[Data excerpts]
☆ ☆ ☆ ☆ ☆

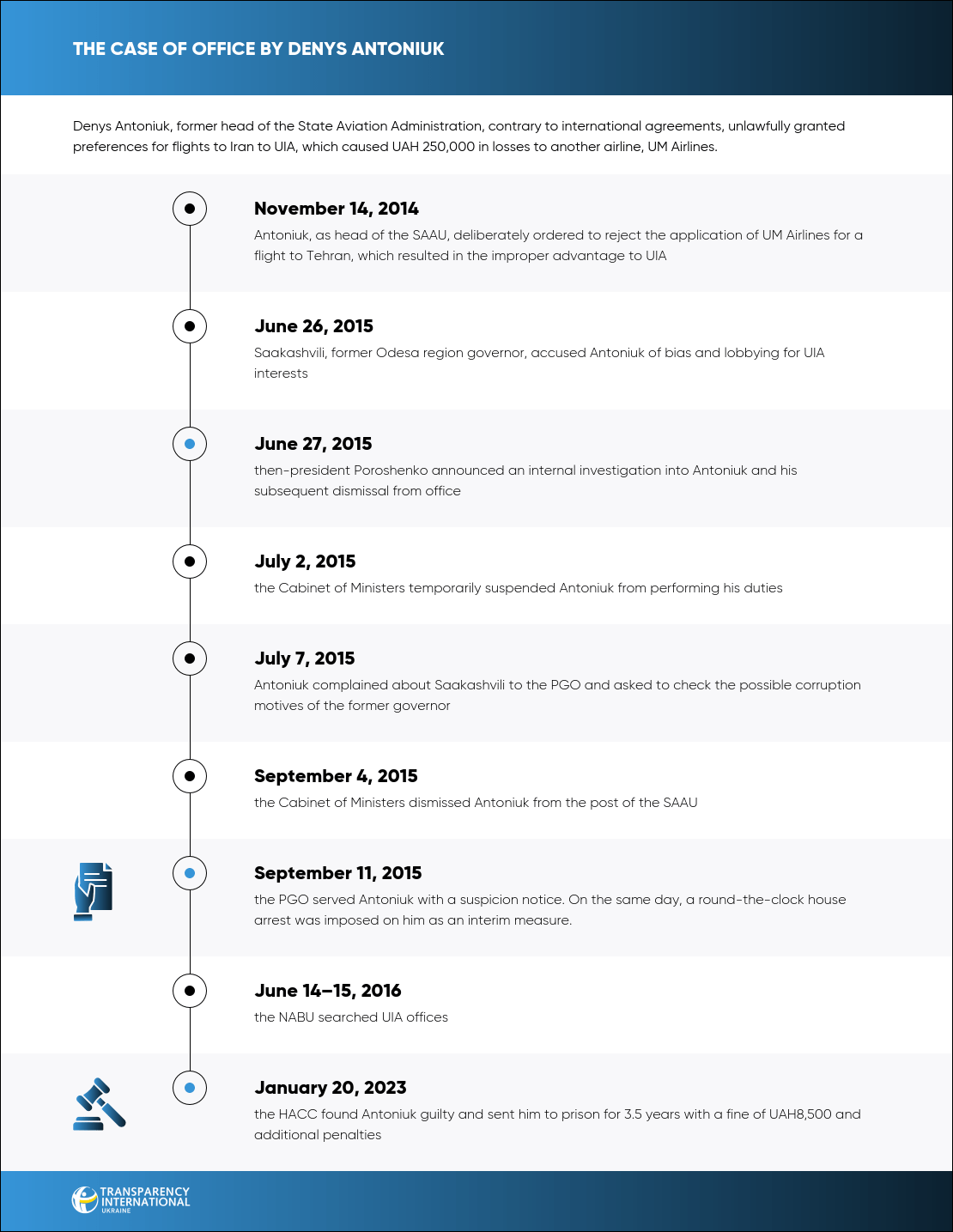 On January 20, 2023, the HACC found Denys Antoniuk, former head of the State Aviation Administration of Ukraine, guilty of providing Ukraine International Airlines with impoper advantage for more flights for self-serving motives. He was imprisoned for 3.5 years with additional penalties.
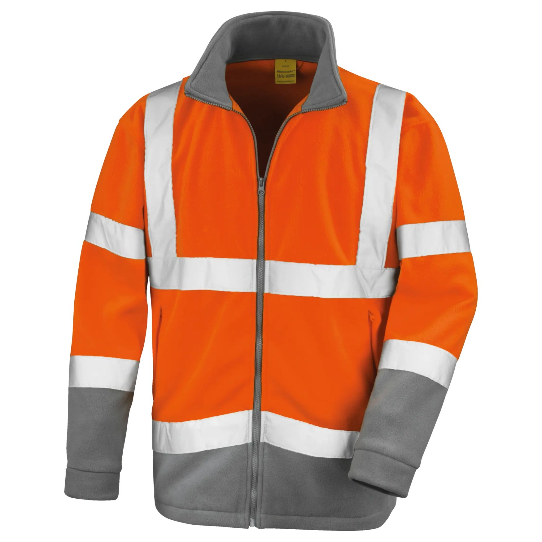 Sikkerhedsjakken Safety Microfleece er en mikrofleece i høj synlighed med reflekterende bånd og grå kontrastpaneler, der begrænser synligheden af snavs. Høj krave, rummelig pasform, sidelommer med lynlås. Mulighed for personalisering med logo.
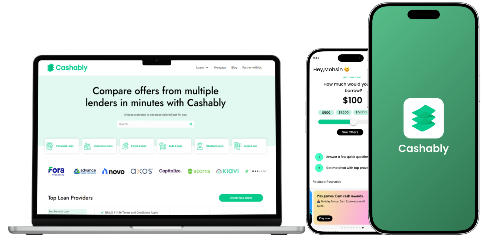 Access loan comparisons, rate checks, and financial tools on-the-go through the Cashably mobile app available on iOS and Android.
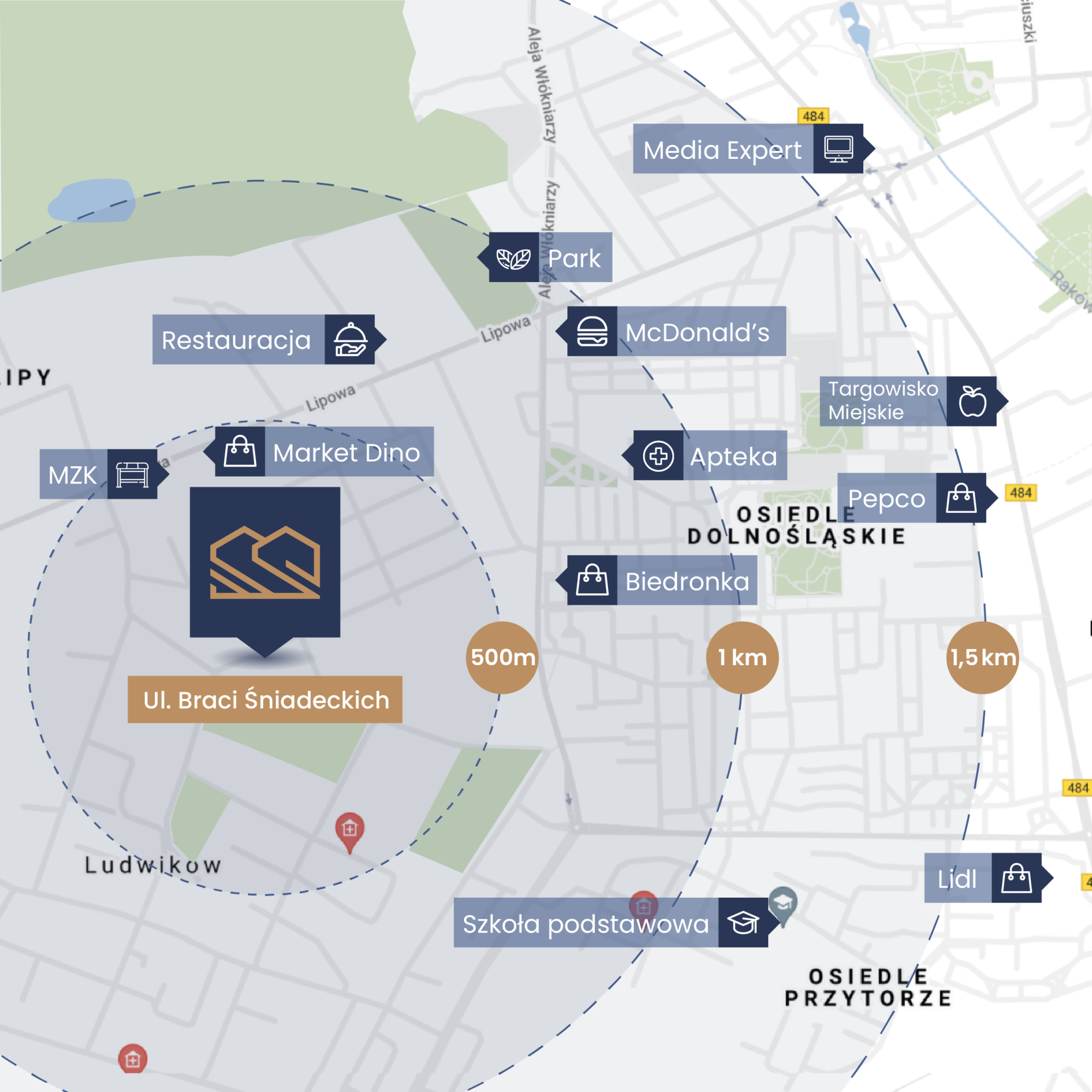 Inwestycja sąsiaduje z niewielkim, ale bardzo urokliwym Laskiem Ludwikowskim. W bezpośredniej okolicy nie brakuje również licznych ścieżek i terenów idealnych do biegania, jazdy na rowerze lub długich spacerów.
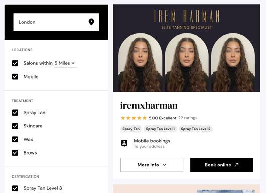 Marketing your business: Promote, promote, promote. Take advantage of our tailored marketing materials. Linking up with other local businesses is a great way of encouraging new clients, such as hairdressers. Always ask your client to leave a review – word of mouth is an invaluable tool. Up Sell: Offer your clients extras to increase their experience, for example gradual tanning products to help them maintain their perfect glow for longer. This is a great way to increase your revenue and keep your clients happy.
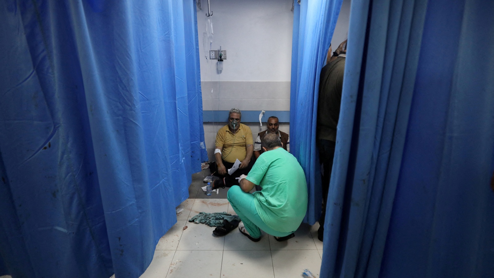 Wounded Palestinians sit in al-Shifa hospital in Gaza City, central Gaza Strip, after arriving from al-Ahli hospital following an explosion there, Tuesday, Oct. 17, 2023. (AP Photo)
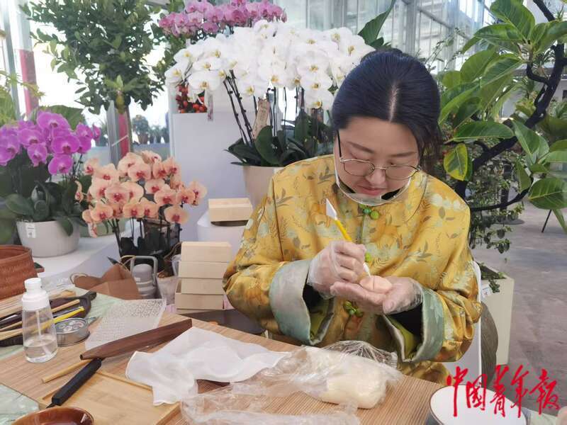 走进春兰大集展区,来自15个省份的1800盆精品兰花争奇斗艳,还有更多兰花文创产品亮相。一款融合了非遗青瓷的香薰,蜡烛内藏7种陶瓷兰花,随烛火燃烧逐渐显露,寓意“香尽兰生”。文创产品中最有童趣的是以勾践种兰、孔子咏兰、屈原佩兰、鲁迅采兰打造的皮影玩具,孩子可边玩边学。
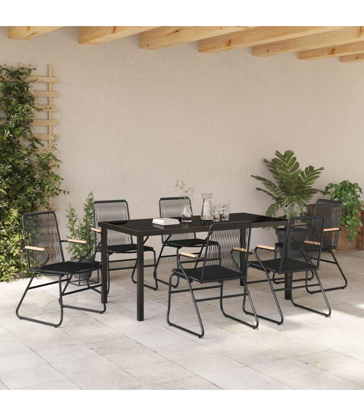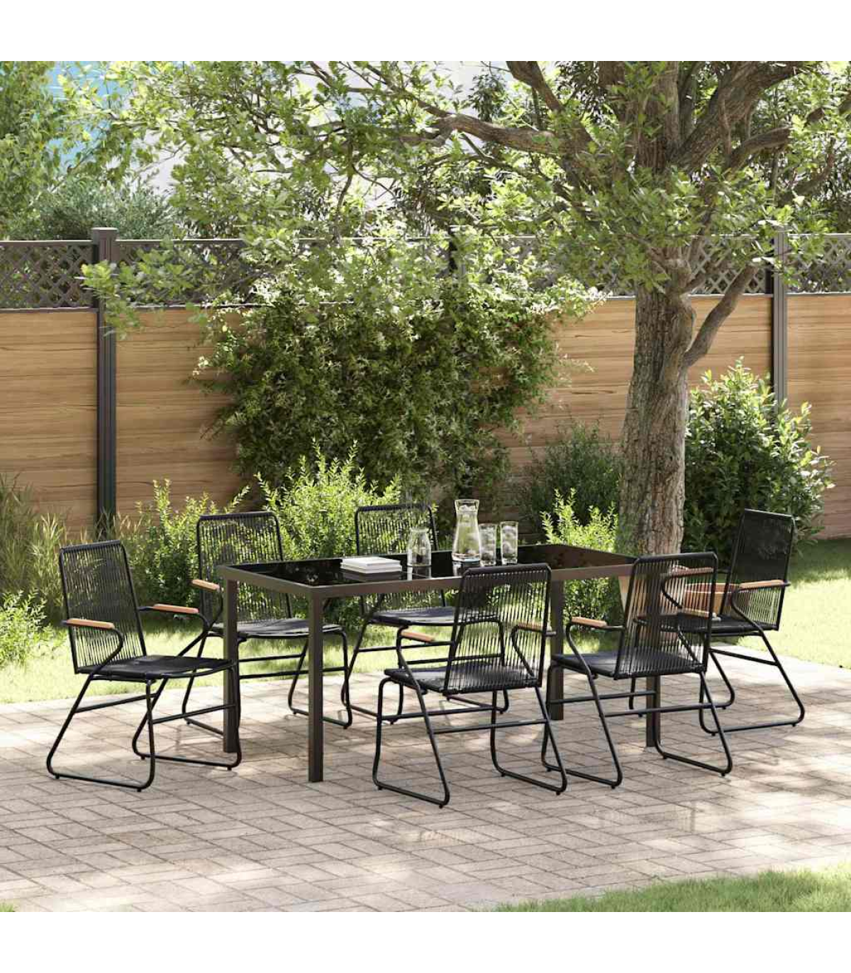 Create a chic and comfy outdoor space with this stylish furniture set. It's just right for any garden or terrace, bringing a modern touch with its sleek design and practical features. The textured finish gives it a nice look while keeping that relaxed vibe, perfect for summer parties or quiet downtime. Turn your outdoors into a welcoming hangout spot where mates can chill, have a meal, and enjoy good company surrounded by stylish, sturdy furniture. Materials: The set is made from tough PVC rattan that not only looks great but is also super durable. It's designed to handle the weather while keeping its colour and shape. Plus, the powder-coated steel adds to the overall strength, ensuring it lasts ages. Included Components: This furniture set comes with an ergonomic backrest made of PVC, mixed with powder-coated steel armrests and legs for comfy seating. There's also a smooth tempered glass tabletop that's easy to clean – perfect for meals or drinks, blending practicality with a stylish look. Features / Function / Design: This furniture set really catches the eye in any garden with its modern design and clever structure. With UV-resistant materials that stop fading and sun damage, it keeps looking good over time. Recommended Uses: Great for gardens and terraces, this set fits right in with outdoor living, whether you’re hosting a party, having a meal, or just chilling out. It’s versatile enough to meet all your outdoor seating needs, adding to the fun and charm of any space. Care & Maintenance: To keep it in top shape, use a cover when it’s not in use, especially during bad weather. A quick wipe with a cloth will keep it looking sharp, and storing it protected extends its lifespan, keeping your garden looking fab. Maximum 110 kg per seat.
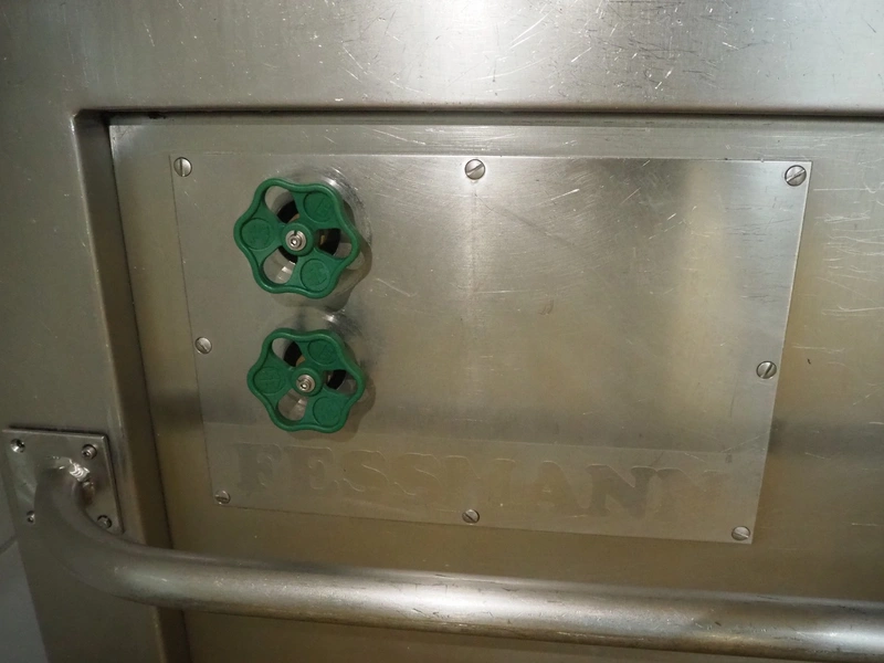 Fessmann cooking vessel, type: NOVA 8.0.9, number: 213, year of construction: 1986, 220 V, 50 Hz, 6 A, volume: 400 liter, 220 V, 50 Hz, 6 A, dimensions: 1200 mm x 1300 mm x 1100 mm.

☆ ☆ ☆ ☆ ☆

The records must be copied with no word altered, and without their pictures.

SOLUTION:
 On January 20, 2023, the HACC found Denys Antoniuk, former head of the State Aviation Administration of Ukraine, guilty of providing Ukraine International Airlines with impoper advantage for more flights for self-serving motives. He was imprisoned for 3.5 years with additional penalties.
 Sikkerhedsjakken Safety Microfleece er en mikrofleece i høj synlighed med reflekterende bånd og grå kontrastpaneler, der begrænser synligheden af snavs. Høj krave, rummelig pasform, sidelommer med lynlås. Mulighed for personalisering med logo.
 Access loan comparisons, rate checks, and financial tools on-the-go through the Cashably mobile app available on iOS and Android.
 Inwestycja sąsiaduje z niewielkim, ale bardzo urokliwym Laskiem Ludwikowskim. W bezpośredniej okolicy nie brakuje również licznych ścieżek i terenów idealnych do biegania, jazdy na rowerze lub długich spacerów.
 Marketing your business: Promote, promote, promote. Take advantage of our tailored marketing materials. Linking up with other local businesses is a great way of encouraging new clients, such as hairdressers. Always ask your client to leave a review – word of mouth is an invaluable tool. Up Sell: Offer your clients extras to increase their experience, for example gradual tanning products to help them maintain their perfect glow for longer. This is a great way to increase your revenue and keep your clients happy.
 Wounded Palestinians sit in al-Shifa hospital in Gaza City, central Gaza Strip, after arriving from al-Ahli hospital following an explosion there, Tuesday, Oct. 17, 2023. (AP Photo)
 走进春兰大集展区,来自15个省份的1800盆精品兰花争奇斗艳,还有更多兰花文创产品亮相。一款融合了非遗青瓷的香薰,蜡烛内藏7种陶瓷兰花,随烛火燃烧逐渐显露,寓意“香尽兰生”。文创产品中最有童趣的是以勾践种兰、孔子咏兰、屈原佩兰、鲁迅采兰打造的皮影玩具,孩子可边玩边学。
 Create a chic and comfy outdoor space with this stylish furniture set. It's just right for any garden or terrace, bringing a modern touch with its sleek design and practical features. The textured finish gives it a nice look while keeping that relaxed vibe, perfect for summer parties or quiet downtime. Turn your outdoors into a welcoming hangout spot where mates can chill, have a meal, and enjoy good company surrounded by stylish, sturdy furniture. Materials: The set is made from tough PVC rattan that not only looks great but is also super durable. It's designed to handle the weather while keeping its colour and shape. Plus, the powder-coated steel adds to the overall strength, ensuring it lasts ages. Included Components: This furniture set comes with an ergonomic backrest made of PVC, mixed with powder-coated steel armrests and legs for comfy seating. There's also a smooth tempered glass tabletop that's easy to clean – perfect for meals or drinks, blending practicality with a stylish look. Features / Function / Design: This furniture set really catches the eye in any garden with its modern design and clever structure. With UV-resistant materials that stop fading and sun damage, it keeps looking good over time. Recommended Uses: Great for gardens and terraces, this set fits right in with outdoor living, whether you’re hosting a party, having a meal, or just chilling out. It’s versatile enough to meet all your outdoor seating needs, adding to the fun and charm of any space. Care & Maintenance: To keep it in top shape, use a cover when it’s not in use, especially during bad weather. A quick wipe with a cloth will keep it looking sharp, and storing it protected extends its lifespan, keeping your garden looking fab. Maximum 110 kg per seat.
 Fessmann cooking vessel, type: NOVA 8.0.9, number: 213, year of construction: 1986, 220 V, 50 Hz, 6 A, volume: 400 liter, 220 V, 50 Hz, 6 A, dimensions: 1200 mm x 1300 mm x 1100 mm.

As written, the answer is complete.